I’m attempting to use int8 inference on a deep network using tensorrt on c++ (the system runs fine on FP16 setting). The output of the network is a H x W heat map.
After Caliberating and compiling the engine I get a low confidence score on the peaks of a test image compared to the FP16 network (0.2 confidence instead of 0.8). I have attempted multiple types of calibrations to make sure it’s not a problem with the calibration:

  • 5K images similar to my test image.
  • 50K images comprised of the training set for the network.
  • The test image as the sole training set.

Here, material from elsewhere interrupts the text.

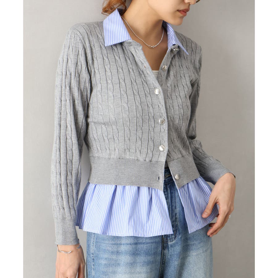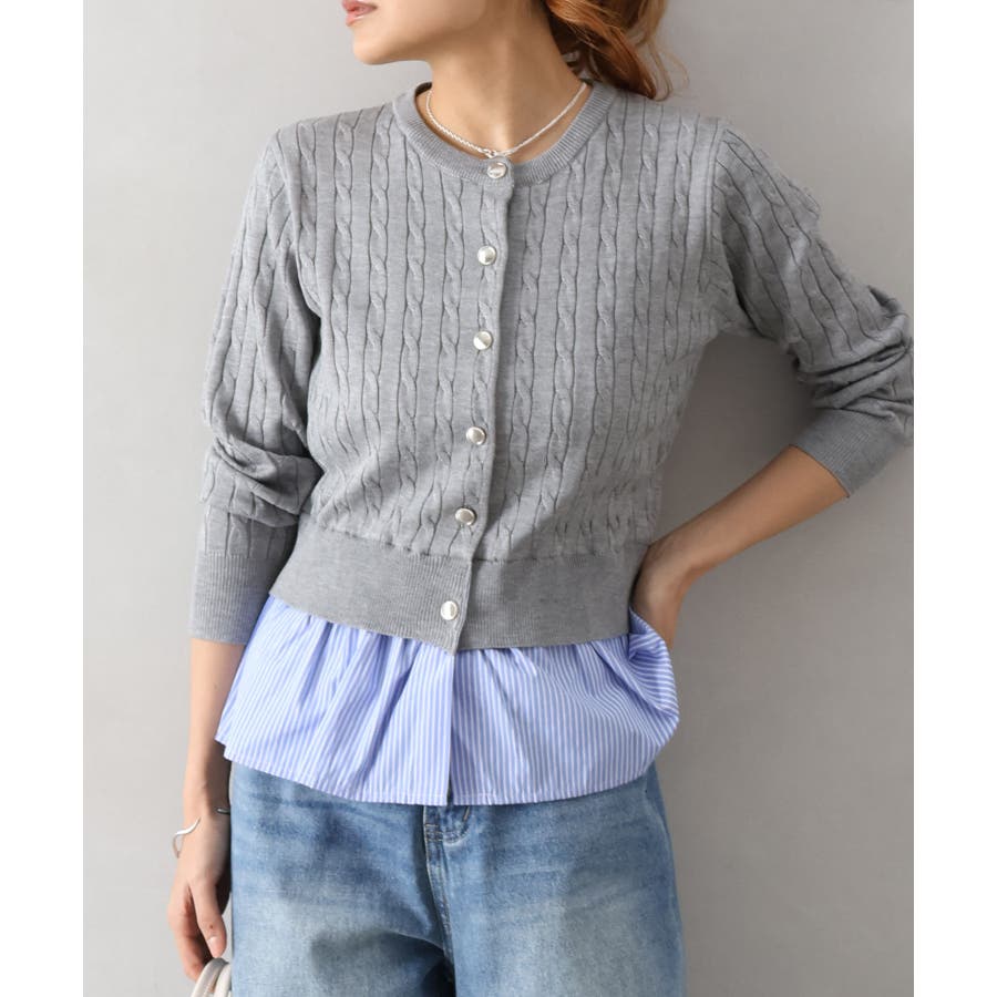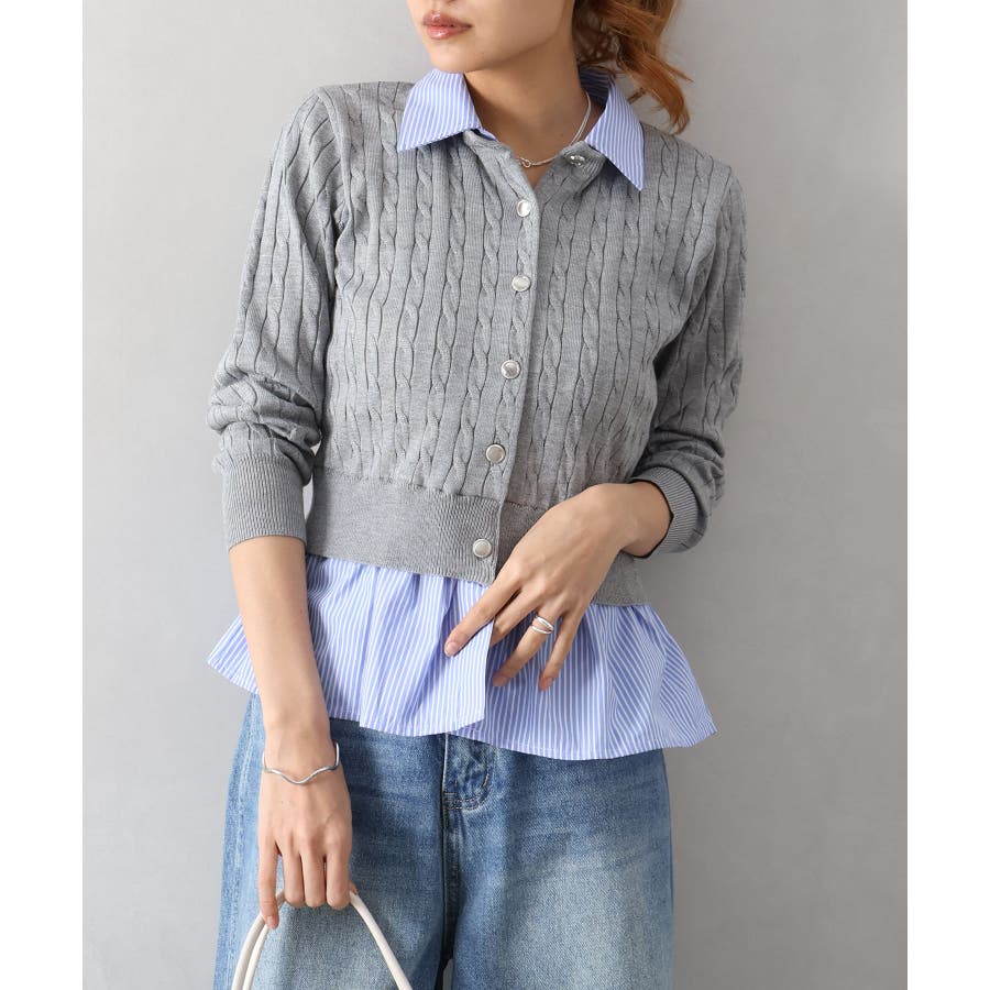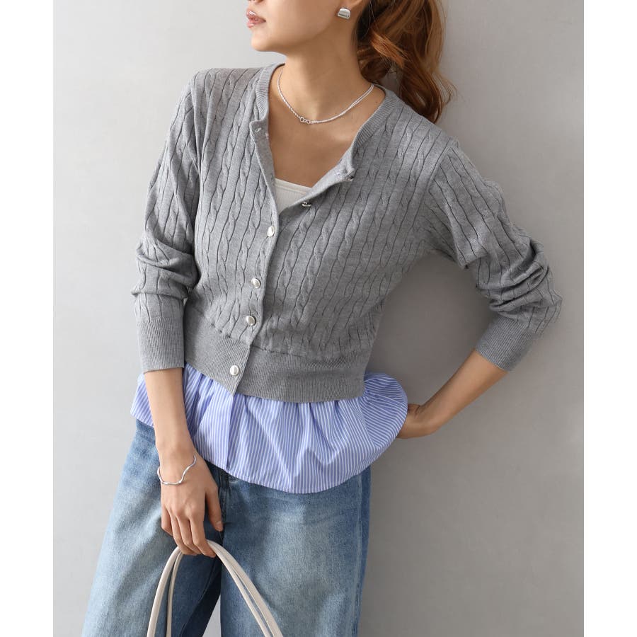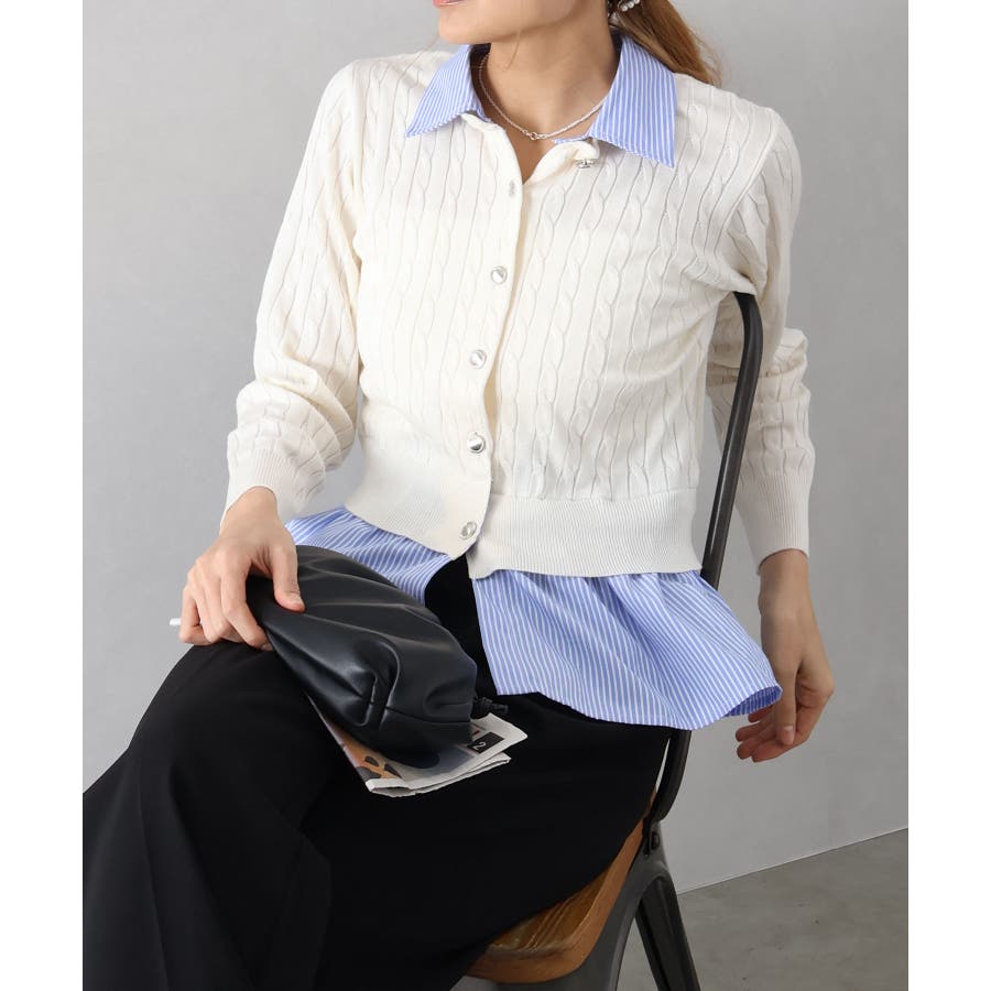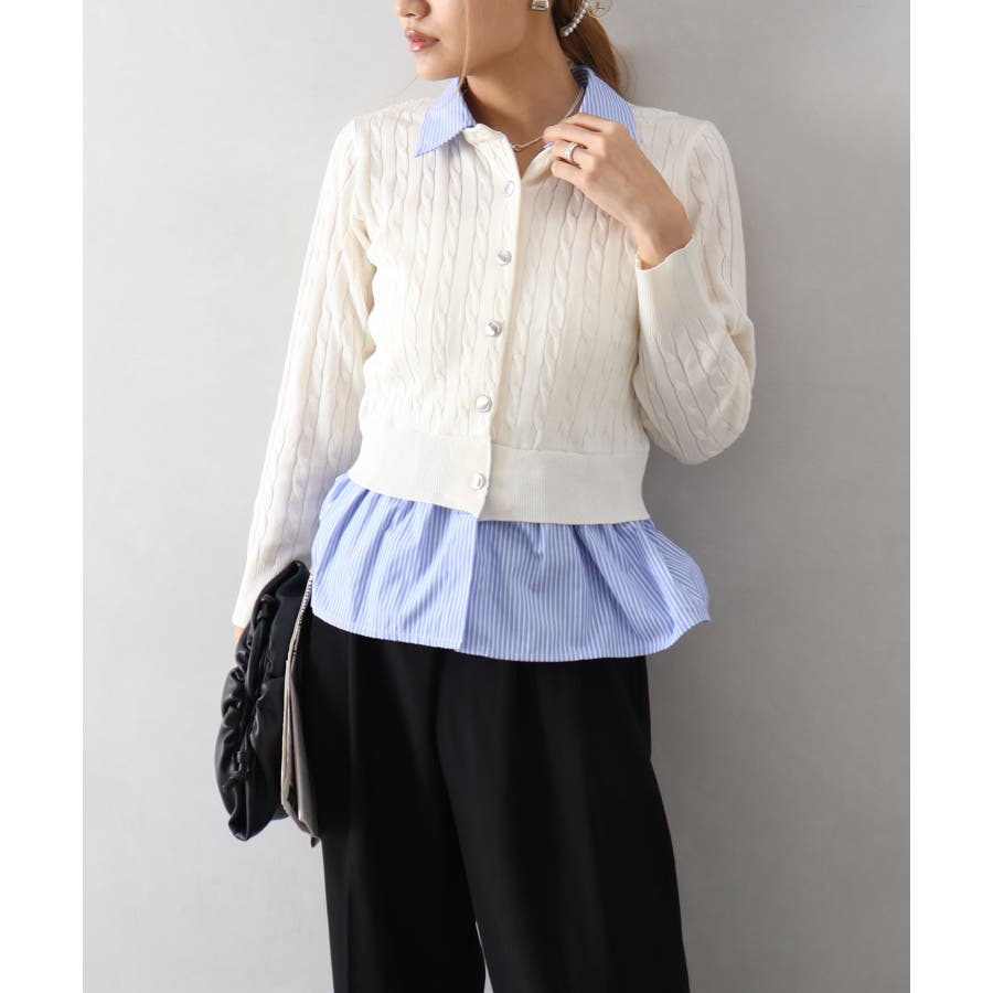 ケーブル編みニットとシャツデザインをドッキングした、1枚でレイヤードスタイルが完成するカーディガン。

Additionally I get the following warnings during compilation:
[W] [TRT] Detected invalid timing cache, setup a local cache instead.
[W] [TRT] Cache result detected as invalid for node: XXXX_conv_YYYY, LayerImpl: CaskConvolution

Environment

TensorRT Version: 8
GPU Type: Geforce 3080
Nvidia Driver Version: 11.4
CUDA Version: 11.4
CUDNN Version: 8.2
Operating System + Version: Ubuntu 18
Work environment: c++

Hi, Please refer to the below links to perform inference in INT8
https://github.com/NVIDIA/TensorRT/blob/master/samples/opensource/sampleINT8/README.md

Thanks!

Hi, I made sure I followed the example in the tutorial (my network is ONNX and not Caffe as in the sample), but the issue persists.

Hi @or1 ,
Can you please help us with the reproducible model and script.

Thanks!

Hi, unfortunately I currently can’t upload the model. I did retrain the model on a tensorrt 7 system and, while I didn’t have the same warnings, the results were the same with correct peak locations but low confidence.

I have a question, in the case of an output that is a heatmap, is there a risk of the peaks being grouped together with some arbitrary “top” value (ie, all values about 0.2+ will be given the value of 0.2). Since that will exactly explain my problem - because the peaks are rare and thus will be grouped in the quantization. Following on that, is there a way an int8 system can be trained specifically on a heatmap output, or on a manually set range of values on an output tensor (for example, uniform range between 0 and 1)?

Thanks.

Hi,

If the peaks are rare, then it is possible that entropy calibration might not be a good idea - as it would tend to reduce the overall histogram distribution loss.
Can you please try Int8MInMaxCalibrator instead?
Regarding the last sentence, we can try setting the dynamic range of the output tensor. Something like network.get_output(0).dynamic_range = (-1, 1)

Thank you.